Majuba: Construction started in 1983 and by April of 1996, the first unit was connected to the grid. The last unit was commissioned in April 2001. Majuba is the second largest power plant with an installed capacity of 4 110MW.

Lethabo: Construction started in 1980 and it comprises of six 618MW production units.

Kriel: Was completed in 1979 and was the largest coal-fired power station in the southern hemisphere.

In July of 2022, the entire power station tripped and according to Eskom, the first fault caused unit 1, 2 and 3 to trip while the second fault tripped units 4 and 5. Unit 6 was already offline at the time.

The power station consists of six units each generating 500MW at an installed capacity of 2 850MW.

Komati: The first unit was commissioned in 1961 and the last in 1966. In 1988, three units were mothballed, with one kept in reserve and the other five were only operated during peak hours.

In 1990, the entire station was mothballed until 2008 and unit 9 was the first to be recommissioned under Eskom’s return to service project.
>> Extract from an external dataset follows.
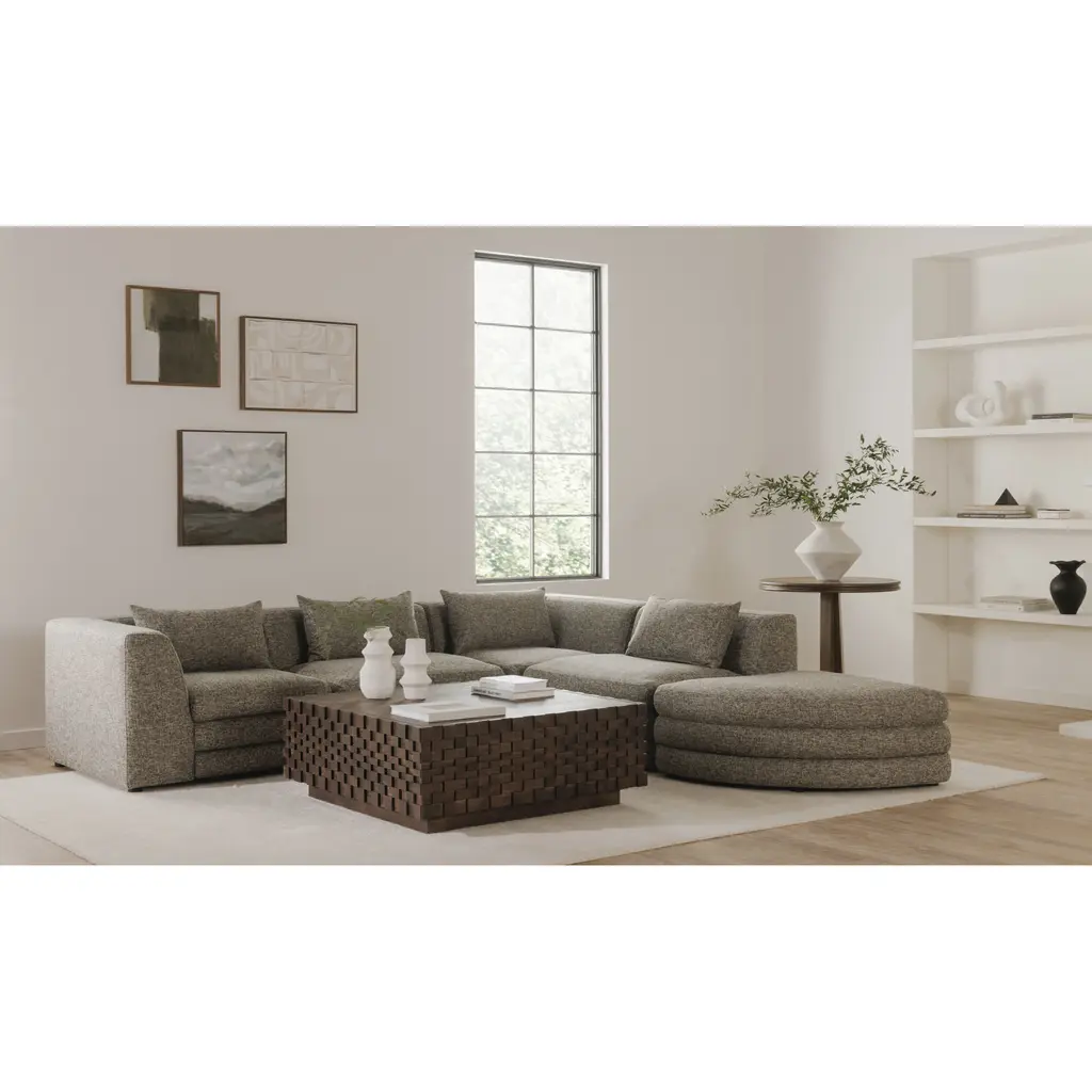 Influenced by the playful forms of the 1970s, the Lowtide curved ottoman showcases a layered appearance that promotes comfort. Its vintage influence and understated elegance are enhanced by the use of textured fabric. On its own or combined as a modular sectional, this piece adds visual interest while allowing for creative arrangement possibilities.
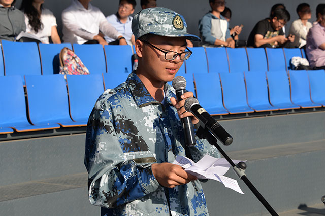 2019级新生代表高一(22)班王浩林发言,他讲到军训是我们成长的阶梯,是砥砺品行的崭新课堂,更是人生宝贵的财富,经过军训的洗礼,定会以此良好开端为基础,开启师大附中学习生活的新篇章!

The entire power station was put online in 2011.

It has six 686MW units at an installed capacity of 4 116MW.

Kendal: Was built between 1982 and 1993 with the first unit going online in 1988.
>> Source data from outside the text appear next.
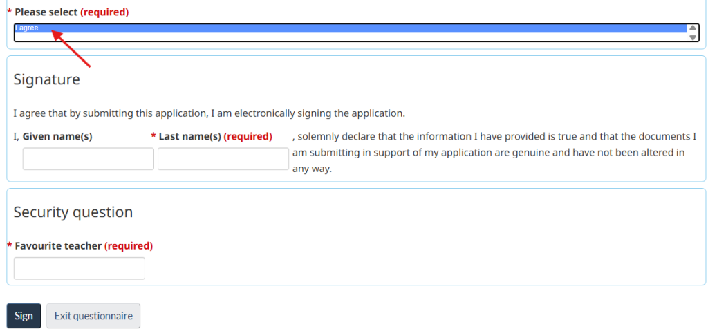 - Finally, click “Sign.” This electronic signature confirms that all the information you provided is true.
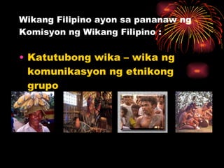 Ang Wikang Pambansa 1 Ano ang tinawag na mga wika ng Filipinas. Quezon - Siya ang nagpatupad ng probisyon ukol sa pambansang wika. Pilipinas hindi Filipinas Pilipino hindi Filipino ayon sa KWF.
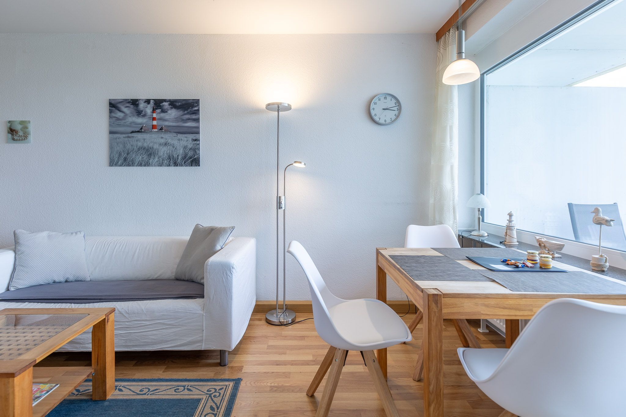 Der Esstisch am Fenster gewährleistet, dass Sie schon beim allmorgendlichen Kaffee den faszinierenden Meerblick auf die vorbeifahrenden Großsegler, Kutter und Kreuzfahrtschiffe genießen können. Ein LCD Fernseher sorgt dafür, dass Sie auch im Urlaub nicht auf Ihre Lieblingsserie verzichten müssen. Eine Küchenzeile ist im Wohnbereich integriert.
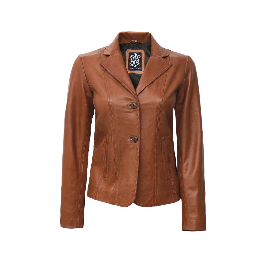 Step up your smart-casual style with this Women’s Two-Button Tan Leather Blazer Jacket, expertly crafted from 100% real lambskin leather. The warm tan finish blends traditional sophistication with modern appeal, making it a must-have layer for workdays and weekends alike.

On completion in 1993, it became the world’s largest indirect dry-cooled power station.

It has 10 200MW units installed at a capacity of 2 000MW.

Hendrina: Came into operation between June 1970 and December 1976.

Between 1995 and 1997 half of Hendrina’s 10 units were refurbished and the other half between 1999 and 2001.

It has 10 200MW units installed at a capacity of 2 000MW.

Grootvlei: The first of six units was commissioned in 1969.

In 1989, three units were mothballed and in 1990 then other three followed.

Due to the power crisis being experienced in South Africa, Eskom decided to return the station to service and by 2008, three of Grootvlei’s units were back online, providing 585MW to the national grid.

It has six 200MW units at an installed capacity of 1 200MW.

Duvha: Construction started in 1975 with the last unit coming into operation in 1984.

Camden: Was commissioned in 1967 and between 1990 and 2006, the station was mothballed but the country’s energy crisis in the early 21st century prompted Eskom to recommission the station, starting with unit 6 in 2005 before completing with unit 1 in 2008.

Arnot: Construction started in 1968 and this generating unit went online in 1971 with the rest of the station fully operational by 1975.

Between 1992 and 1997, three of its units were mothballed due Eskom’s surplus generating capacity but were brought back online in 1997 and 1998 respectively.

It has six 350MW units at an installed capacity of 2 100MW.